[Dataset excerpt]
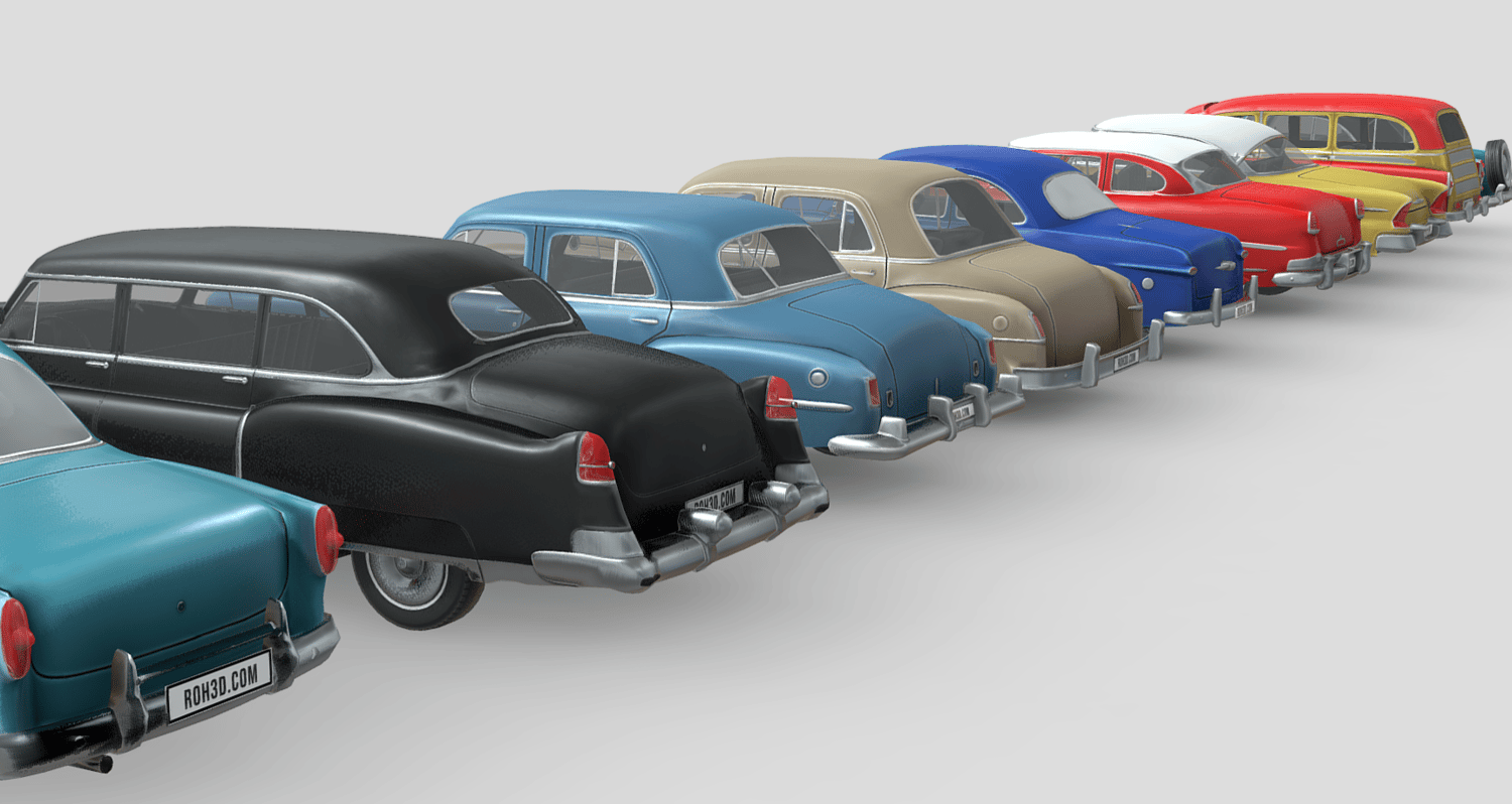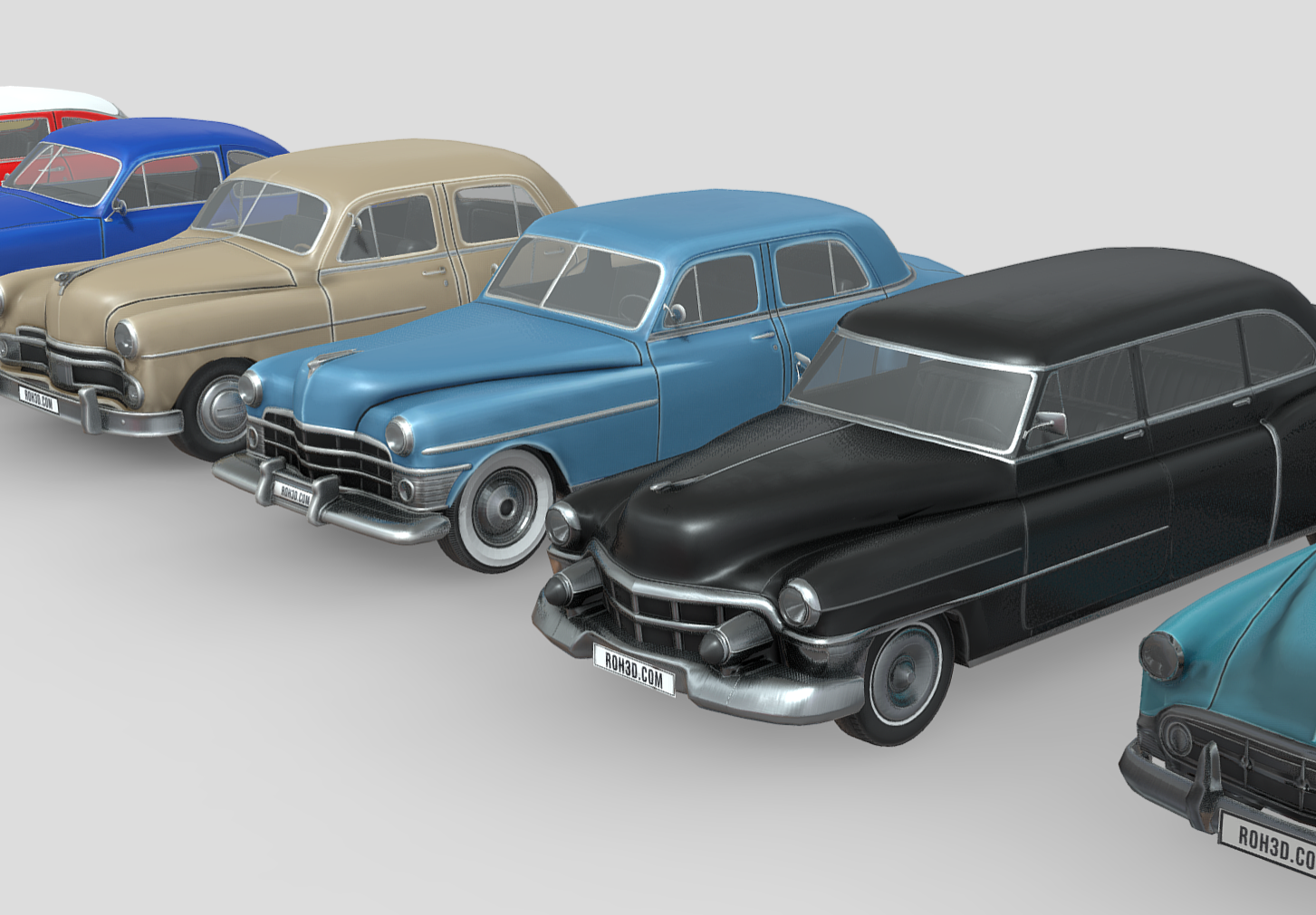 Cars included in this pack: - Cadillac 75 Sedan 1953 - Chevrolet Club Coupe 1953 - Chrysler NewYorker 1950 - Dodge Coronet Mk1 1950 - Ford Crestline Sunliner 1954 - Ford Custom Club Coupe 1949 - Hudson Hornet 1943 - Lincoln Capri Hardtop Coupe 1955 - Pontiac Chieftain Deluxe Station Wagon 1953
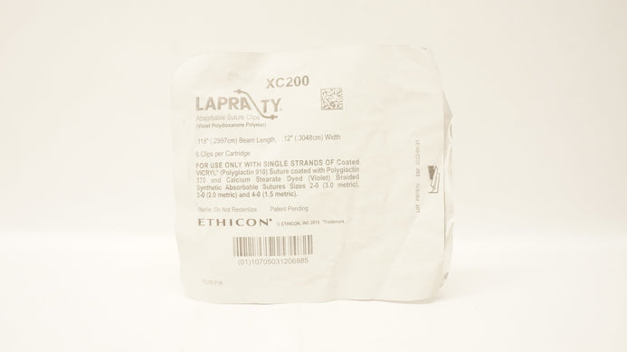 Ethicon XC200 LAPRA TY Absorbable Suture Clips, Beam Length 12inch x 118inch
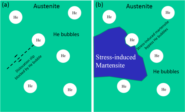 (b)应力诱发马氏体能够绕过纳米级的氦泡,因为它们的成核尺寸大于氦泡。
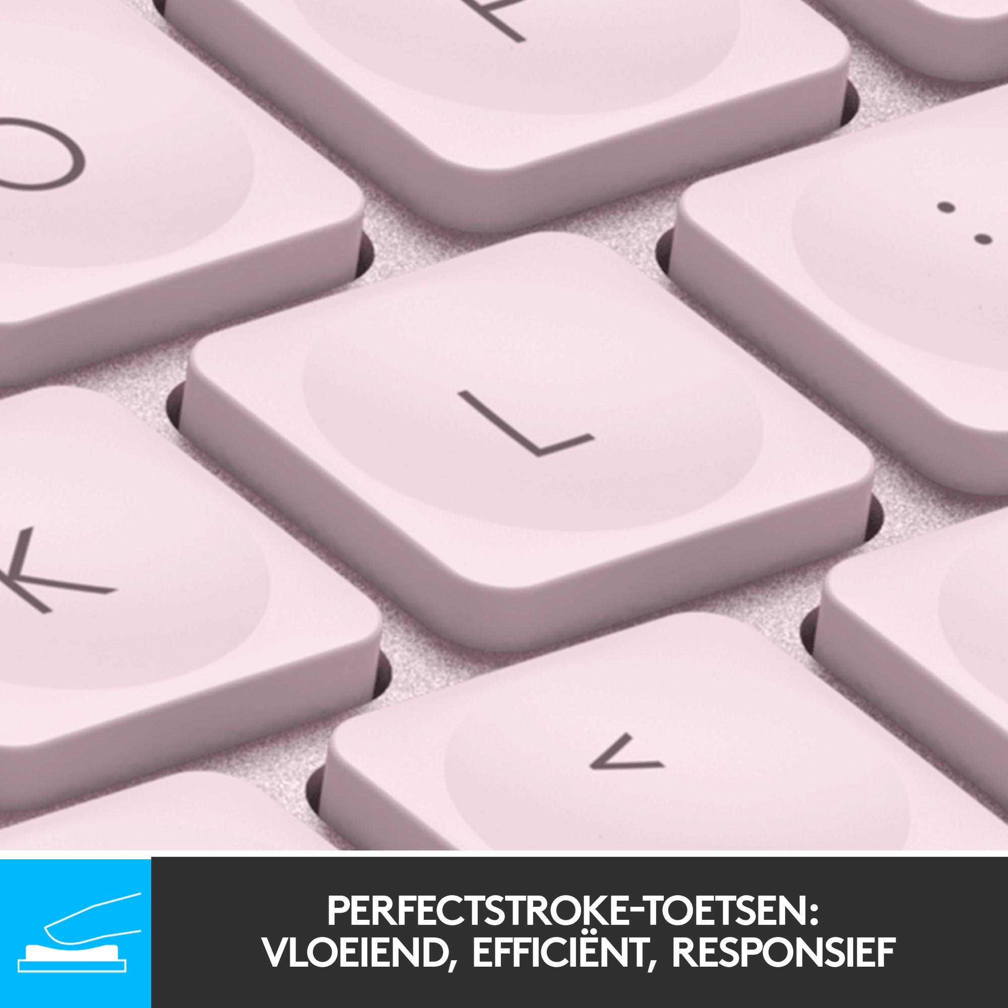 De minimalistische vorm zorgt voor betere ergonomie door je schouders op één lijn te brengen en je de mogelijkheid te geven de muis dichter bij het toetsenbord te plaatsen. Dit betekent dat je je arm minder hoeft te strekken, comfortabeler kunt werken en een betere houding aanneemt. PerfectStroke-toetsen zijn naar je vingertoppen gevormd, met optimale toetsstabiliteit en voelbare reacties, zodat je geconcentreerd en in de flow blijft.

[About this task] Print the data above in full and exactly as it appears, skipping the pictures.

[Task response]
 Cars included in this pack: - Cadillac 75 Sedan 1953 - Chevrolet Club Coupe 1953 - Chrysler NewYorker 1950 - Dodge Coronet Mk1 1950 - Ford Crestline Sunliner 1954 - Ford Custom Club Coupe 1949 - Hudson Hornet 1943 - Lincoln Capri Hardtop Coupe 1955 - Pontiac Chieftain Deluxe Station Wagon 1953
 Ethicon XC200 LAPRA TY Absorbable Suture Clips, Beam Length 12inch x 118inch
 (b)应力诱发马氏体能够绕过纳米级的氦泡,因为它们的成核尺寸大于氦泡。
 De minimalistische vorm zorgt voor betere ergonomie door je schouders op één lijn te brengen en je de mogelijkheid te geven de muis dichter bij het toetsenbord te plaatsen. Dit betekent dat je je arm minder hoeft te strekken, comfortabeler kunt werken en een betere houding aanneemt. PerfectStroke-toetsen zijn naar je vingertoppen gevormd, met optimale toetsstabiliteit en voelbare reacties, zodat je geconcentreerd en in de flow blijft.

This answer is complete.